IETA was founded in 1999 by a group of firms that included multiple oil majors, notably BP, and today it is funded by several dozen banks, oil companies, and other large corporations. It now has hundreds of members including Chevron, ExxonMobil, the mining conglomerate Glencore, and livestock giant Cargill. The association describes itself as a “purely business” lobbying effort, but Corporate Accountability says it “exists to ensure that climate policies don’t negatively impact the profits of Big Polluters.”

A spokesperson for IETA declined to discuss the identity of individual delegation members.

This is far from the first time that IETA has dominated a U.N. climate conference. In 2005, it sent more than 400 delegates to the conference in Montreal at a time when the average size of a government delegation was just 22 members. In turn, IETA emerged with a big victory as countries agreed to formalize a carbon-trading scheme. Andrei Marcu, an early president and CEO of IETA, advised the national delegation of Panama at COP23 in 2017, attempting to influence the country’s engagement in climate talks even as he also pushed the interests of big oil companies. And at the 2019 conference in Madrid, the body sent 129 delegates, some of whom handed out pins that said, “All I want for Christmas is Article 6,” referring to an item in the Paris agreement that lays the groundwork for a global carbon market.

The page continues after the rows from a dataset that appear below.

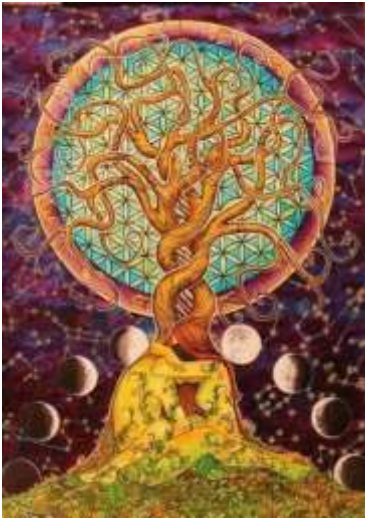
the Tree of Life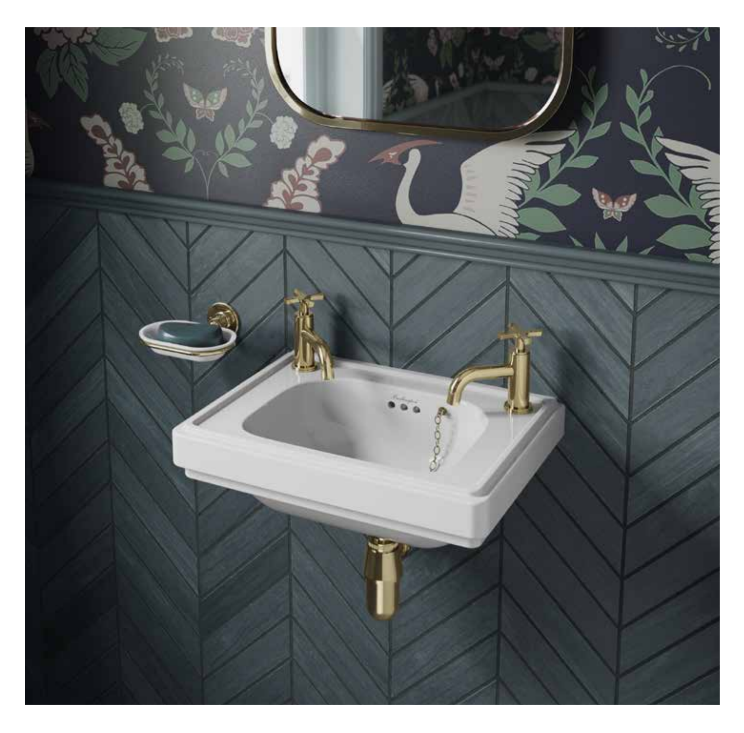
Riviera 450mm 2 tap hole cloakroom basin, Riviera pillar taps, plug and chain waste and bottle trap. Soap dish and Towel ring. Riviera back-to-wall WC with soft-close seat, concealed cistern including lever. WC roll holder. All fittings and accessories are Gold finish.

The cloakroom may not be the largest room in your home, but it's the one all your visitors are likely to see and make use of. The Riviera Collection's simple, uncluttered design and sensible range of sizes means it works beautifully at all scales, so even the smallest space can still be perfectly formed.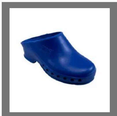
Cleanroom Safety Shoes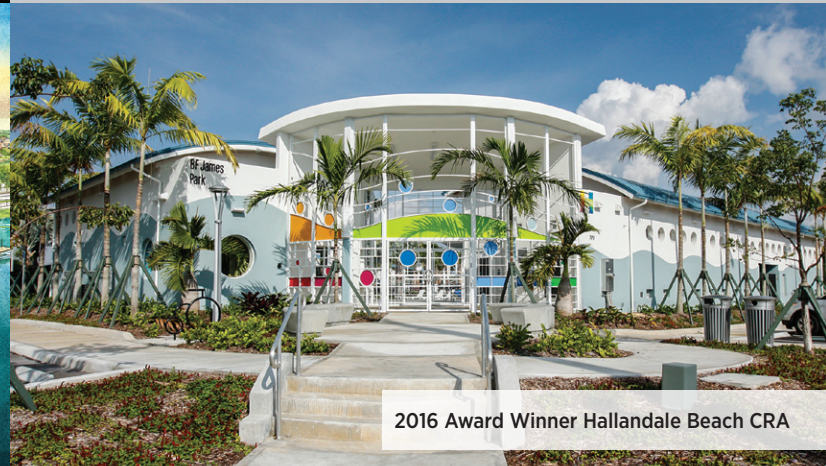
2016 Award Winner Hallandale Beach CRA

FLORIDA REDEVELOPMENT ASSOCIATION 301 S. Bronough Street, Suite 300, Tallahassee, FL 32302-1757 (800) 342-8112 • (850) 222-9684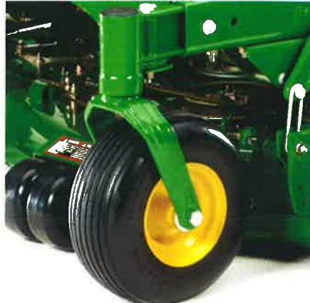
Front caster tire

Base Equipment On: Z920M, Z925M, Z930M, Z930M EFI, Z950M, Z960M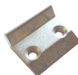
Standard striker supplied with all devices)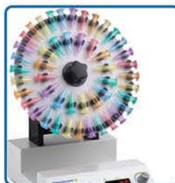
48 x 1.5ml (48 x 10-14mm tubes)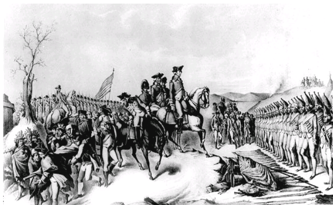
Hessian Troops surrendering after the battle of Trenton

The stakes at COP28 are high. After years of work, negotiators hope to reach a global consensus about what offset projects should count under the U.N.’s Article 6 carbon market and about how to monitor the long-term success of offset projects. In a position paper released ahead of the summit, the IETA noted that this year’s Article 6 negotiations presented “the opportunity to avoid extreme politicization and focus on key decisions.”

Bohmer, of Transparency International, said that the new reporting requirements will make this year’s COP somewhat more transparent than previous ones, but he argued that there’s still room for lobbyists to push their own agendas at the talks. 

“Some of the requirements are optional and declarative,” he said of the new standards. “This is far from a framework allowing the detection and management of conflicts of interest.”